• [THE TASK] Skipping the images, transcribe each record below as it is.
________________________
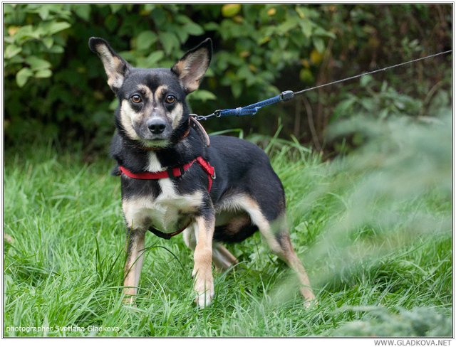 "Добрый день.Ева делает успехи.Мы надели на нее ошейник и она спокойна на нем ходит.Я перевела ее в дом,не место такой малявки в вольере.Дома за 3 дня ни ни.Гуляет 2 раза ,терпит хорошо.Единственное пока ее не очень даверяет,если начинаешь с ней общаьтся вся вгибается в пол и трясется.Возможно ее били.Потихоньку надеюсь отогреется."
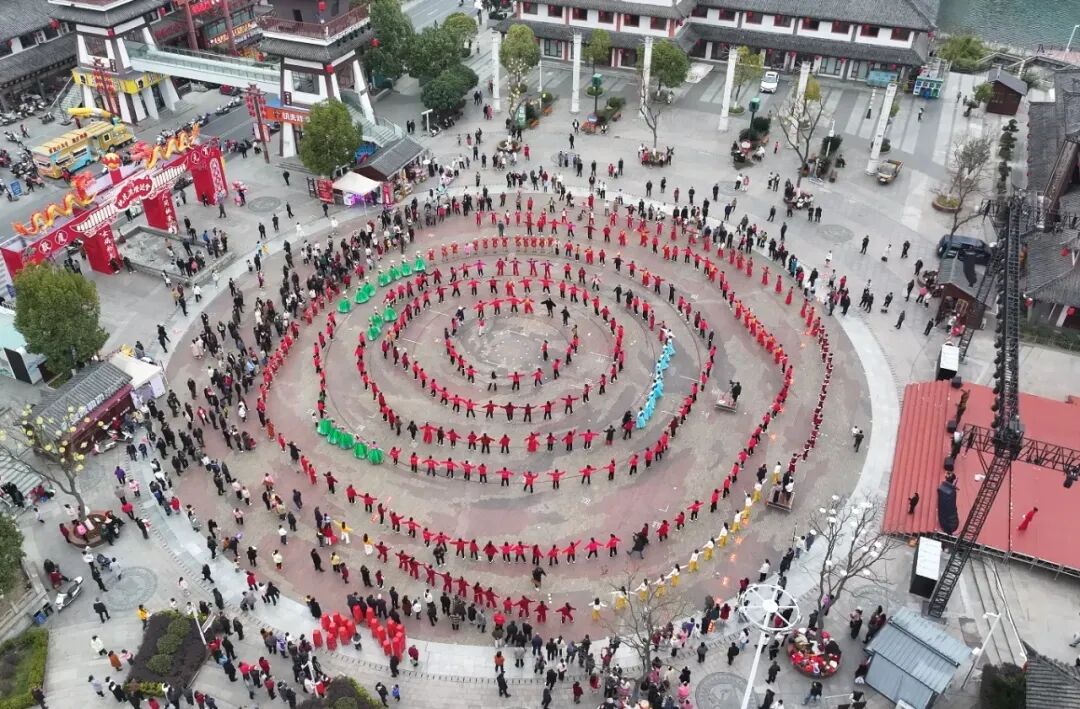 一棵桃树像景区的眼,烔烔有神。小城添了新景致,桃花源街区。上面体恤民心,亲自调遣二号队伍进军桃花源,换防女娲广场,还免费提供电源,这回,天上真掉馅饼了。不仅如此,2025年,政府层面的广场舞大赛正式拉开帷幕,周赛、月赛、年赛,一轮轮比拼。春华秋实,未来可期,大妈们终于走上了舞台中央。
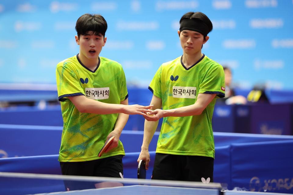 申裕斌/林钟勋晋级韩国乒乓球锦标赛决赛决赛的对手是卫冕冠军朱芊曦/赵胜敏
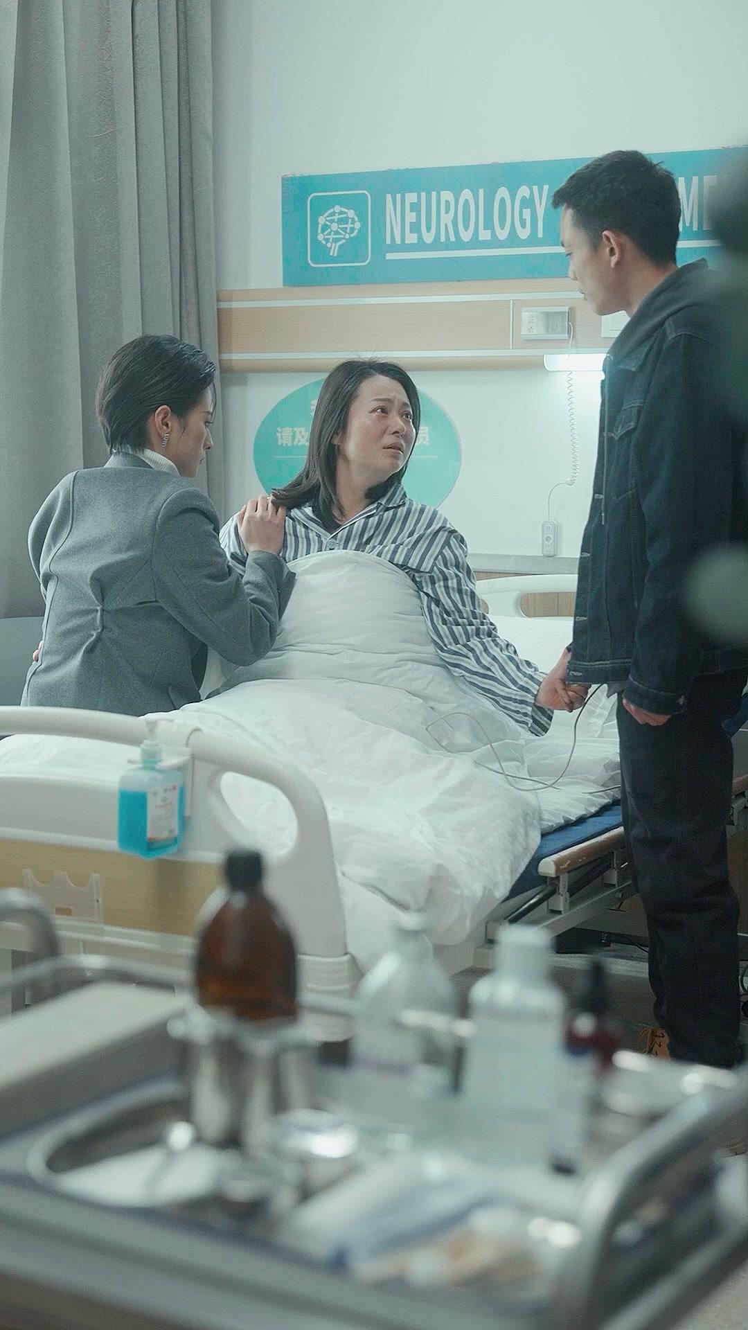 In the sterile, pale-lit corridor of a neurology ward—where the air hums with the quiet dread of uncertainty—three people orbit one hospital bed like planets caught in a collapsing gravitational field. This isn’t just a medical drama; it’s a slow-motion emotional detonation disguised as a conversation. The woman in the striped pajamas—let’s call her Lin Mei, though the name isn’t spoken aloud—isn’t merely ill. She’s *unraveling*, thread by thread, under the weight of something far heavier than diagnosis: guilt, betrayal, and the unbearable clarity that comes when truth finally breaches the surface. Her eyes, red-rimmed and swollen, don’t just weep—they *accuse*. Every blink is a question she can’t voice but everyone feels. She grips the white sheet like it’s the last raft on a sinking ship, her knuckles bleached bone-white, while her left hand—trembling, unsteady—reaches out not for comfort, but for confirmation. Confirmation that what she suspects is real. That the man standing beside her, in his denim jacket over a hoodie, isn’t just visiting. He’s *involved*.
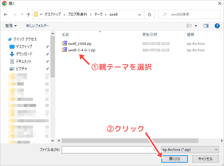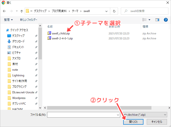 ご自身のPCのフォルダが開くので、「子テーマ」を選択します。
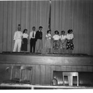 Photo--black and white: 1951 Analy High School students on the auditorium stage.
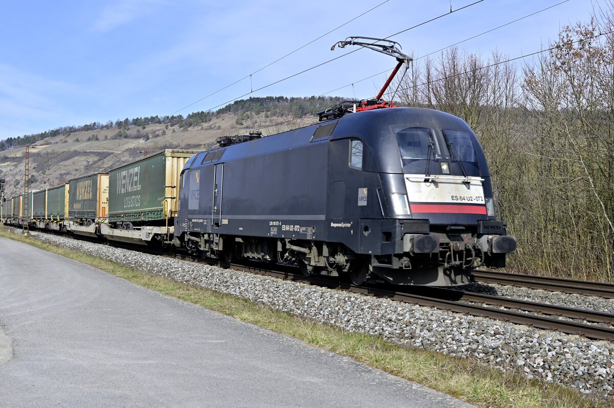 Als die ELL 193 203 von TLX mit einem Auto Walter Klv durch Thüngersheim gen Würzburg gefahren kommt am 1.3.2022 Andreas Strobel
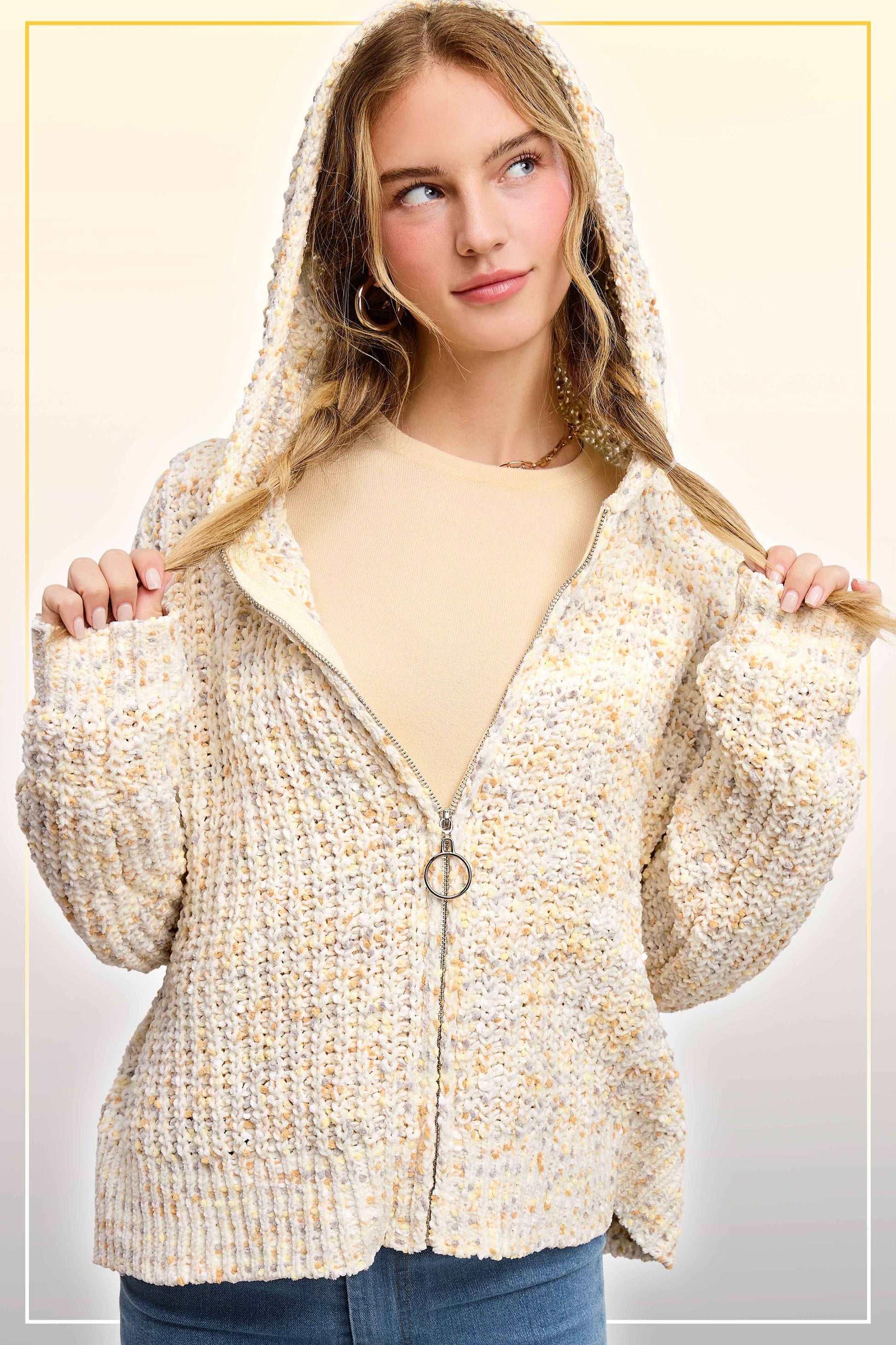 colorful style, confetti, hoodie sweater, pullover sweater, outerwear, cozy knit hoodie, long sleeve, zip up front, loose fit, layering piece, fall, Christmas sweater, holiday sweater
________________________
• [TASK SOLUTION]
 "Добрый день.Ева делает успехи.Мы надели на нее ошейник и она спокойна на нем ходит.Я перевела ее в дом,не место такой малявки в вольере.Дома за 3 дня ни ни.Гуляет 2 раза ,терпит хорошо.Единственное пока ее не очень даверяет,если начинаешь с ней общаьтся вся вгибается в пол и трясется.Возможно ее били.Потихоньку надеюсь отогреется."
 一棵桃树像景区的眼,烔烔有神。小城添了新景致,桃花源街区。上面体恤民心,亲自调遣二号队伍进军桃花源,换防女娲广场,还免费提供电源,这回,天上真掉馅饼了。不仅如此,2025年,政府层面的广场舞大赛正式拉开帷幕,周赛、月赛、年赛,一轮轮比拼。春华秋实,未来可期,大妈们终于走上了舞台中央。
 申裕斌/林钟勋晋级韩国乒乓球锦标赛决赛决赛的对手是卫冕冠军朱芊曦/赵胜敏
 In the sterile, pale-lit corridor of a neurology ward—where the air hums with the quiet dread of uncertainty—three people orbit one hospital bed like planets caught in a collapsing gravitational field. This isn’t just a medical drama; it’s a slow-motion emotional detonation disguised as a conversation. The woman in the striped pajamas—let’s call her Lin Mei, though the name isn’t spoken aloud—isn’t merely ill. She’s *unraveling*, thread by thread, under the weight of something far heavier than diagnosis: guilt, betrayal, and the unbearable clarity that comes when truth finally breaches the surface. Her eyes, red-rimmed and swollen, don’t just weep—they *accuse*. Every blink is a question she can’t voice but everyone feels. She grips the white sheet like it’s the last raft on a sinking ship, her knuckles bleached bone-white, while her left hand—trembling, unsteady—reaches out not for comfort, but for confirmation. Confirmation that what she suspects is real. That the man standing beside her, in his denim jacket over a hoodie, isn’t just visiting. He’s *involved*.
 ご自身のPCのフォルダが開くので、「子テーマ」を選択します。
 Photo--black and white: 1951 Analy High School students on the auditorium stage.
 Als die ELL 193 203 von TLX mit einem Auto Walter Klv durch Thüngersheim gen Würzburg gefahren kommt am 1.3.2022 Andreas Strobel
 colorful style, confetti, hoodie sweater, pullover sweater, outerwear, cozy knit hoodie, long sleeve, zip up front, loose fit, layering piece, fall, Christmas sweater, holiday sweater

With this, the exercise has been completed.